(The United States Golf Association (USGA) has made various attempts to control players who manipulate their handicaps in order to do well in tournaments. The name for such manipulation is “sandbagging.” If the USGA’s effort can be characterized as a war, then it is not winning. A series of five posts examines the history and effectiveness of the USGA’s war plan. Part I details the flaws of the USGA’s earliest attempt at controlling sandbagging. Part II examines a proposed policy that increased the penalties for alleged sandbagging. Part III argues the current handicap system may actually encourage sandbagging. Part IV explains why the USGA could be losing the effort to win the hearts and minds of local golfers. Part V examines the flaws in the USGA's current war strategy. Part VI asks if the USGA's efforts are counterproductive and suggests it may be time for the USGA to withdraw from the battlefield.)

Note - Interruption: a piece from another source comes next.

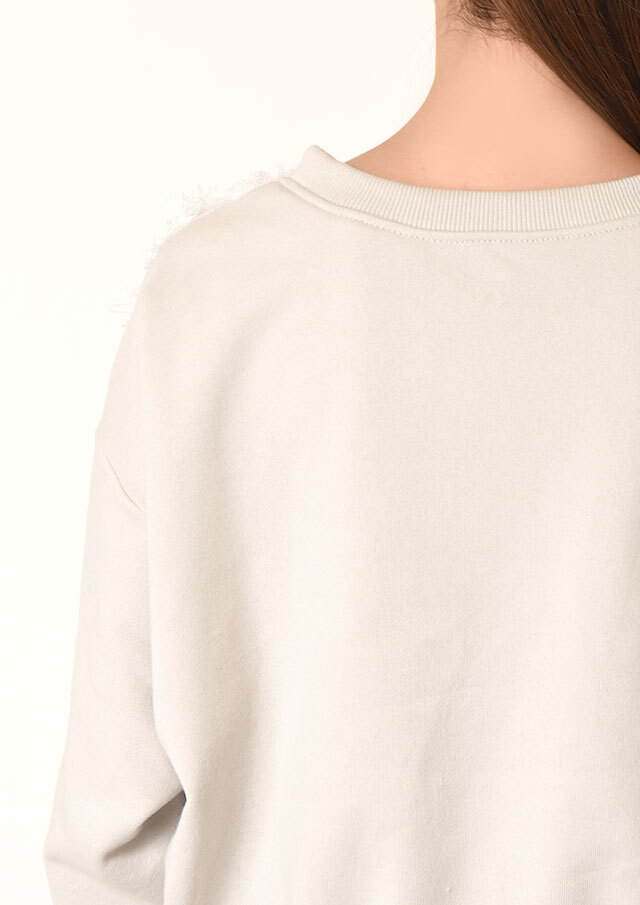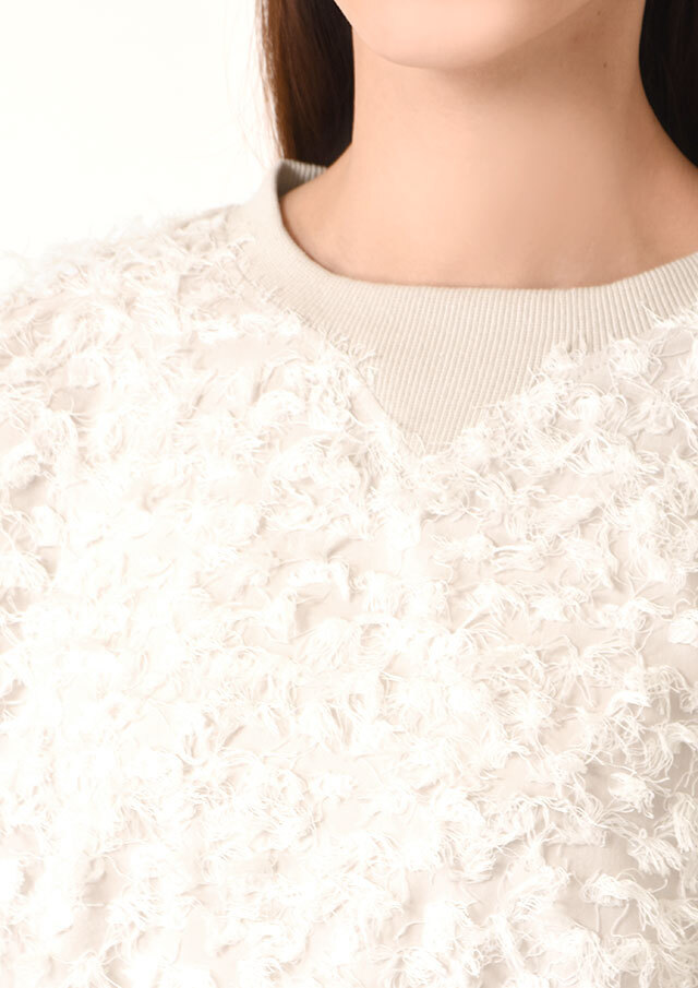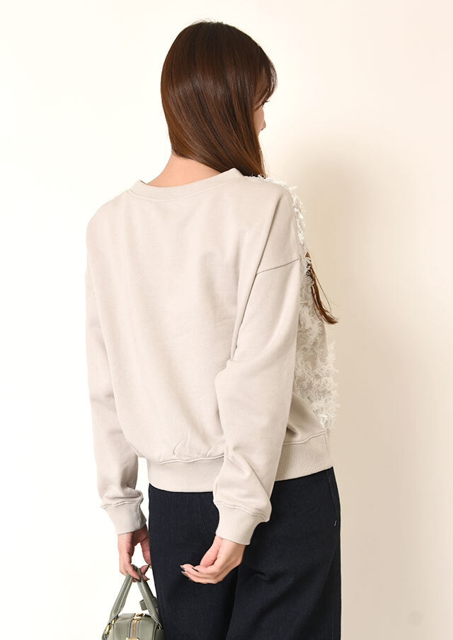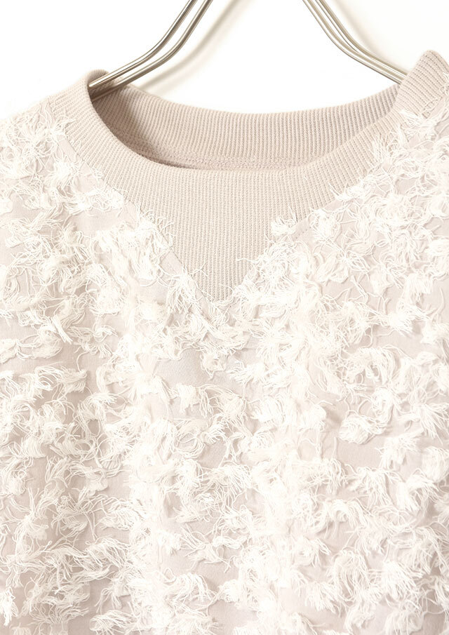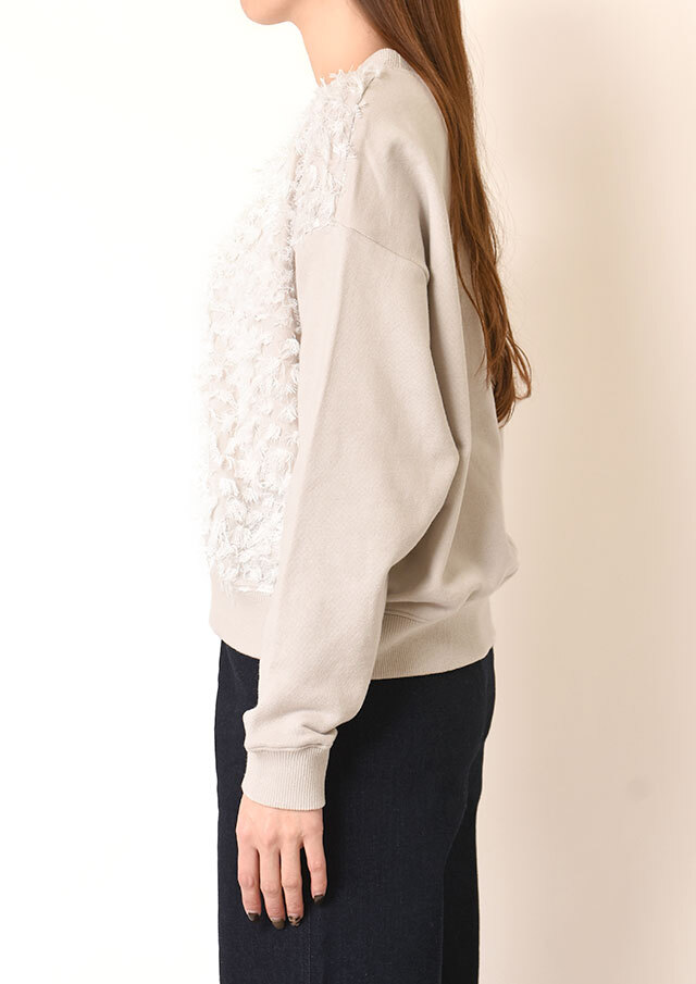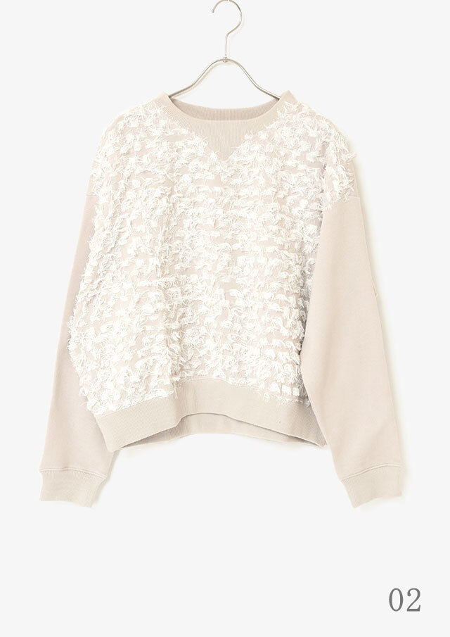 スウェットライクな雰囲気と、フェミニンな素材感の絶妙なバランスが魅力です。
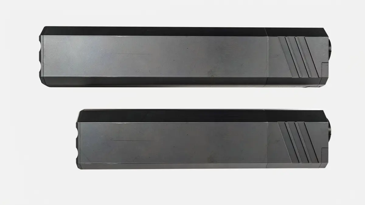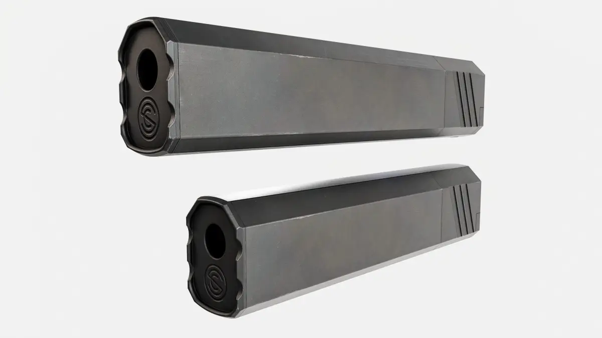 Game ready model of a SilencerCo Osprey 2.0 Handgun Suppressor. Both 9mm and 45acp variants are included.

The Reduction in Index for Exceptional Tournament Scores
(RIETS) has been part of the USGA’s never-ending quest to snag
sandbaggers. The USGA’s effort has been
plagued with flaws. In its earliest
form, the RIETS gave a player a good chance to receive an index reduction if he
played in a sufficient number of tournaments.[1]

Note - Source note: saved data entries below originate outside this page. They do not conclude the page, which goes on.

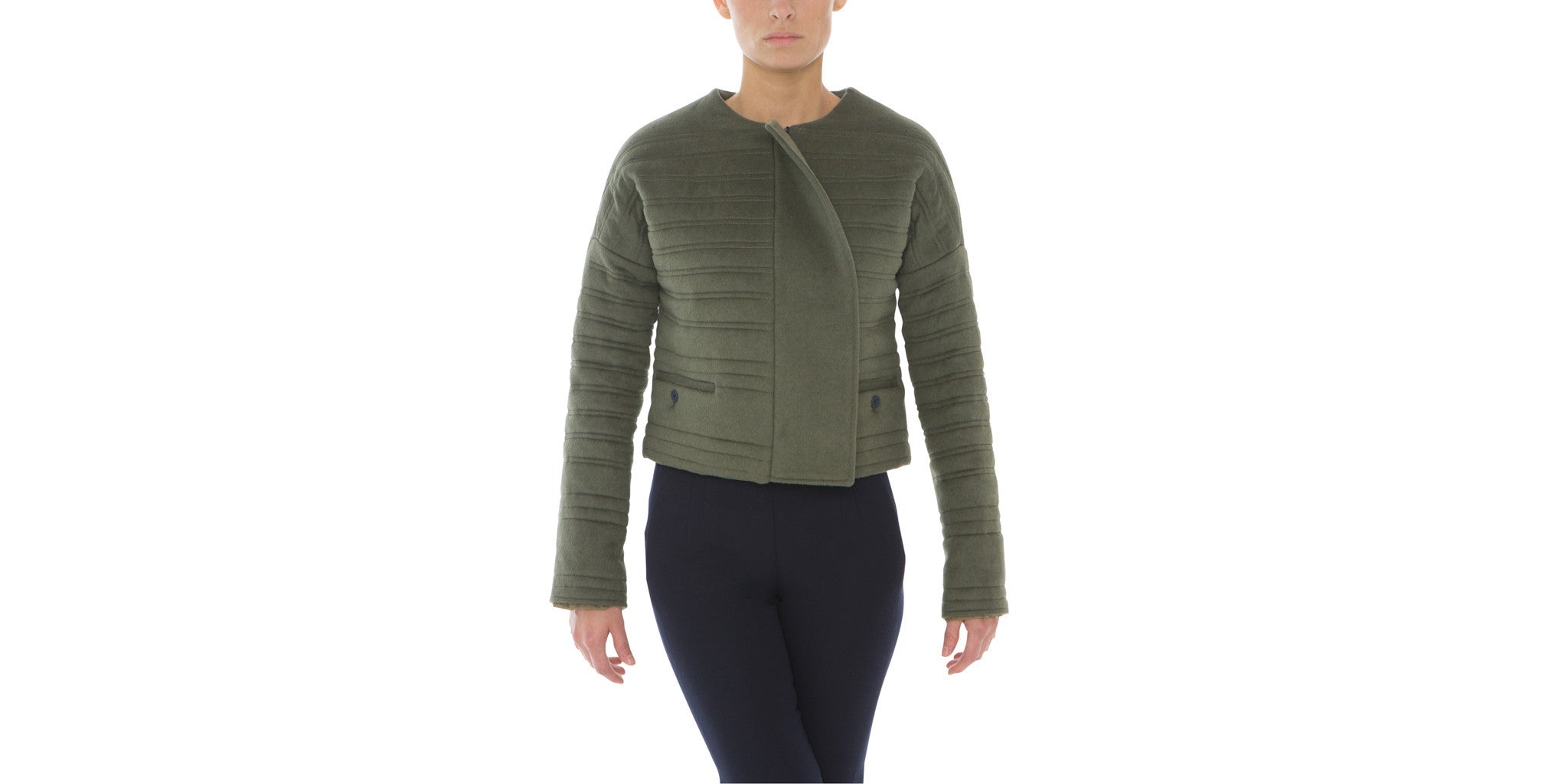 Exclusive woven cashmere coat styled with a cropped boxy cut, collarless round neck and subtle rib stitch detail. A versatile piece that is ideal for colder fall days.
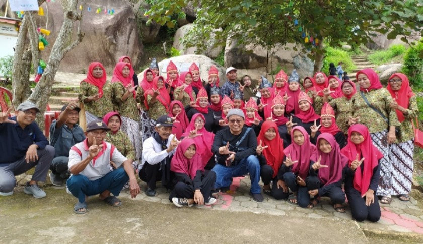 Tim Dinas Pariwisatan dan Kebudayaan Kabupaten Lamsel saat meninjau destinasi wisata Gunung Batu Desa Srikaton Kecamatan Tanjung Bintang
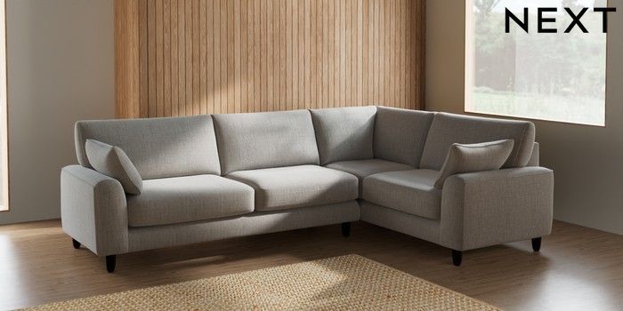 7.2.10 Campbell Large Corner Sofa - Right Hand Chunky Weave Dove Grey High Leg - Dark | Made Click here to use our website with more accessibility support, for example screen readers
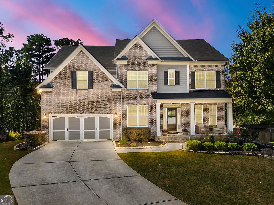 EXTRAORDINARY TRIPLE-LEVEL BRICK PALACE... Boasting nearly $250,000 in custom upgrades, this stunning pet-free immaculate luxury home is in one of the highest-rated school districts of renown Gwinnett County. Minutes to the Mall of GA, this like-new home is nestled in heart of very quite cul-de-sac. Level driveway leads to large, front covered porch... Enter home with formal office, formal dining room, and extra-large Grand room with "bowed" palladium windows- allowing a bright interior home. This entertaining open concept floor plan has a unique "Keeping Room" off the kitchen, providing a secondary entertainment area- can also be a sun room- yes, this home features a one-of-a-kind custom floorpan that sets it apart from the others! Full guest suite on main. Heavy trim package... Gourmet chef's kitchen with every luxury! Upper level features 4BRs/ 3 full BAs/ and an awesome 5th "step up" media room or 2nd office! Unique laundry room has private "pass thru" to elegant owner's bedroom suite. Almost no carpet- first & second floors hardwood, engineered wood- with basement level quality LVP. Terrace level is built out NICE!!! Features: Full guest suite with nicely appointed bath; game room or billiard room; bar or 2nd kitchen; theatre/ media room; and double-sized storage centers. Exit basement to super-sized screened in patio- overlooking BIG BIG sodded soccer-sized and level fenced yard- perfect for pool or play or gardening- and with amazing privacy... Some add'l notable features: (2) hot water heaters of 100 gal total; basement refrigerator remains- as well as the theatre seating. Being custom built in 2017 this home is only 9 yrs young and meticulously cared. Even comes EV-prewired at the garage! Community is very new, built out- and also has a wonderful family sports center. This gem has the WHOLE PKG folks... A sure-to-please winner on your list!

The USGA reacted to this problem by making the reduction in
index a function of the number of tournaments a player entered. While this
greatly reduced the probability a player would receive a reduction by chance,
it also made the RIETS less penal and less effective as an instrument for
controlling sandbagging.[2] The focus here, however, is not on the
efficacy of the RIETS, but on conceptual problems with the current RIETS. A conceptual problem exists when the RIETS
assigns reduced indexes that are not consistent with the general premises of
the USGA Handicap System.
Two such problems are identified here along with a remedy
for correcting the inconsistencies inherent in the present RIETS.
1. My Partner Always
Kills Me, But I Get the Lower Handicap! - A general premise of the USGA
Handicap System is that a player with the lower scores should have the lower
index. This is not always the case under
the RIETS. Let’s look at an example:
Two players, A and B, always play together from the same
tees. Player A’s adjusted score has
always been higher than Player B’s in every round they have played. This month, however, Player A finds his USGA
index is lower than Player B’s. How can
this happen?
Answer: Player A has a handicap index of 14.0, while Player
B’s index is 9.4. Player A has two
tournament differentials that average 5.0.

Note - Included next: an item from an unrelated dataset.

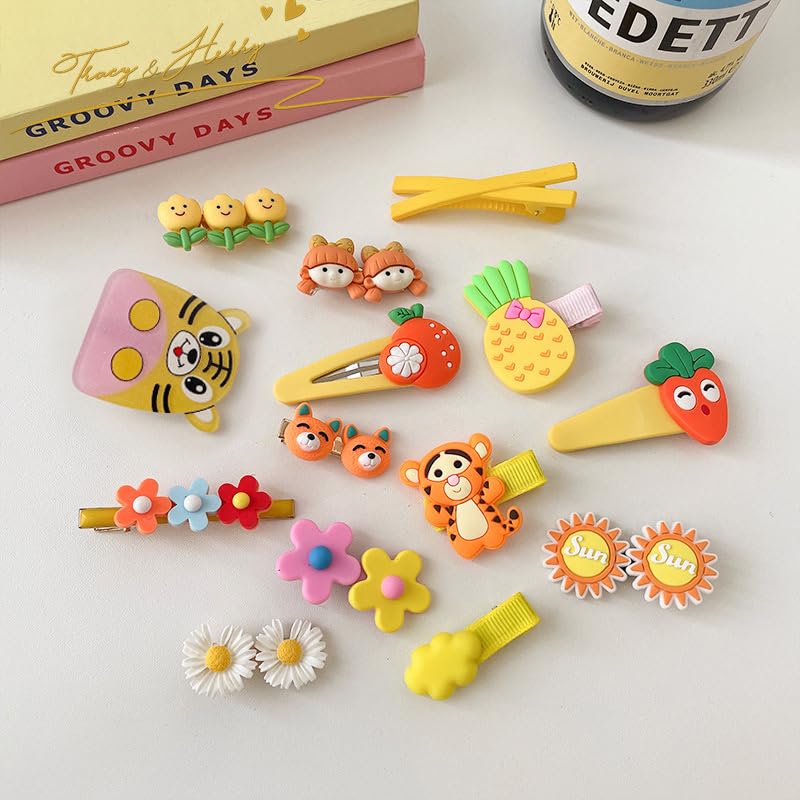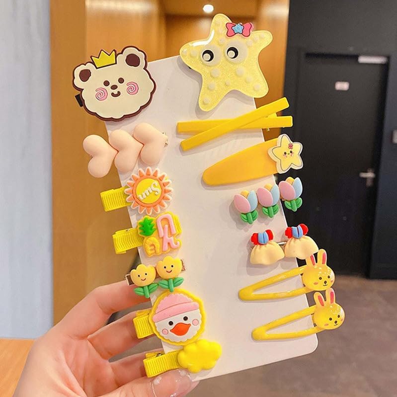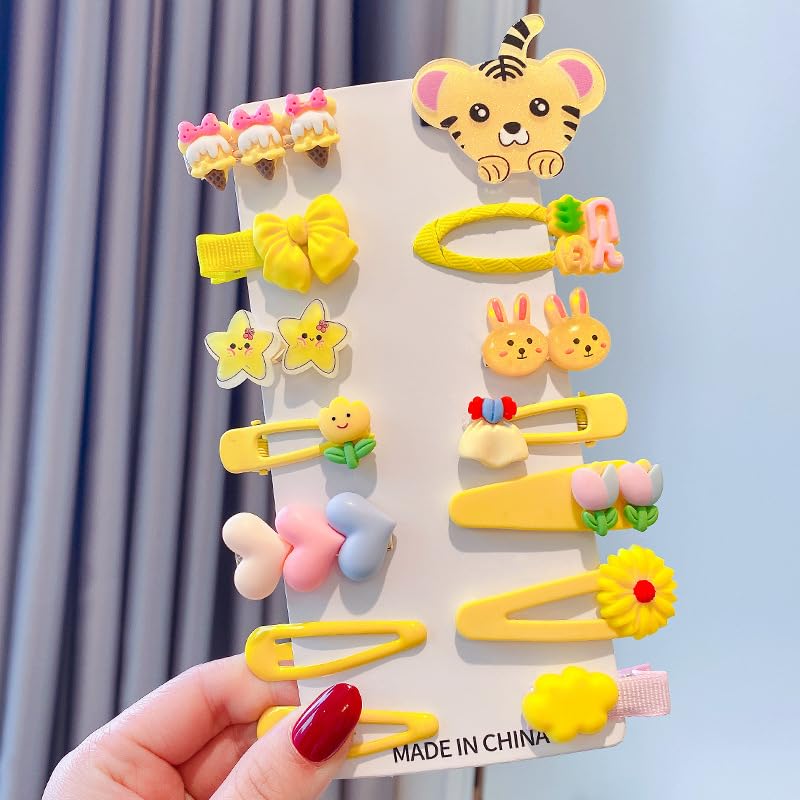 Samyak 14 Pcs Kids Hair Clips Set Cartoon Icecream Cute & Trendy Baby Girls Toddlers Hair Pins Barrettes, Combo of 14 Pcs (Yellow)
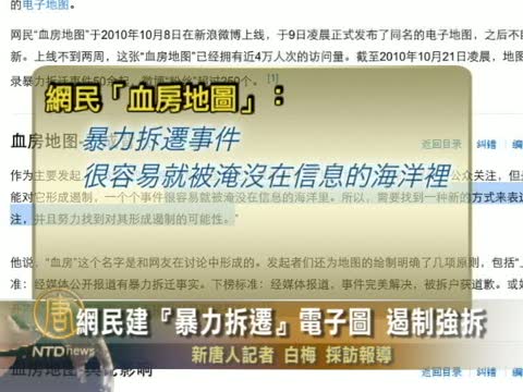 【新唐人2010年10月24日訊】最近,中國網民製作了一張標注『暴力拆遷』事件發生地的電子地圖,點擊地圖上的電子標識,就可以追蹤每起「暴力強拆」事件的概況。該活動發起人期望能藉此,遏止暴力拆遷事件的發生。

Player B has two tournament differentials that average 4.0. Player A has his index reduced by 8.1 giving
him a reduced index of 5.9. Player B’s
index is reduced by 2.6 giving him a reduced index of 6.8. On most courses, Player A would have to give
Player B one stroke.
Under the old RIETS, the penalty for exceptional performance
was a function of how well you played in tournaments.[3] Under the latest RIETS, the penalty is a
function of how well you played relative to your current index. One argument in support of the USGA’s latest
approach is that a player should receive a greater penalty for shooting a lower
net score. For example, assume that
Player A had a 14.0 Index while player B had a 12.0 index. Further assume for simplicity that they play
a course with a slope rating of 113 and a course rating of 71. If both players have two tournament scores of
75, Player A would have scored a net 61, while Player B scored net 63. Player A would have a reduced index of 4.8,
while Player B would receive a reduced index of 5.2. The USGA is essentially adding an additional
penalty to the higher handicapped player.
The USGA could argue
that the additional penalty is assessed because the tournament scores of the
higher handicapped player are less likely due to chance and there is a greater
chance of sandbagging being involved.
The USGA has not made this argument, but if it did, it does not have
much merit. You might as well argue that
the winner of the Powerball lottery must have cheated since the probability of
winning is so low.
Other evidence
speaks against the penalties being based on the probability of occurrence. The Appendix presents the marginal increase
in the index reduction for an increase in AVDIFF (the average of the best two
tournament differentials below the player’s handicap index). The marginal increase becomes smaller as the
AVDIFF increases. For example, as the
AVDIFF goes from 4.5 to 5.0, a player is hit with an increased index reduction
of .8. But as the AVDIFF goes from 11.5
to 12.0 the increase in index reduction is only .5. If the USGA were penalizing performance on
the base of probability, the marginal increase in the index reduction should go
up and not down.[4]
The Worse I Play, the
Lower My Index! - Another curious element of the current the RIETS is that
the worse a player scores, the lower his index goes. Let’s take as an example a
player who has two tournament differentials that average 2.9. Table 1 shows his reduced index for various
handicap indexes and 10-19 T-Scores.
Table 1
Reduced Index for
Various Handicap Indexes
Handicap
|
|
Index
|
Reduced Index
|
14.0
|
4.6
|
13.0
|
5.0
|
12.0
|
5.5
|
11.0
|
6.2
|
10.0
|
7.0
|
9.0
|
8.0
|
8.0
|
8.0
|
If the player had a 12.0 handicap index and 10-19 T-Scores,
he would receive a reduced index of 5.5.
If he plays poorly and his index rises to 13.0, his reduced index would
be lowered to 5.0. His index has decreased
because he is in a slump. The RIETS,
however, makes no distinction between a player’s index at the time of his two
T-Scores and at some time later. This
violates the basic tenet that a player’s handicap should be based on his
potential. His potential can be measured
either by his tournament scores or his calculated index. To increase the penalty because a player is
not playing well seems outside the bounds of rational handicap policy.
Remedy - One
remedy for making the RIETS more rational is to eliminate the Handicap
Reduction Table and go back to simple formulae.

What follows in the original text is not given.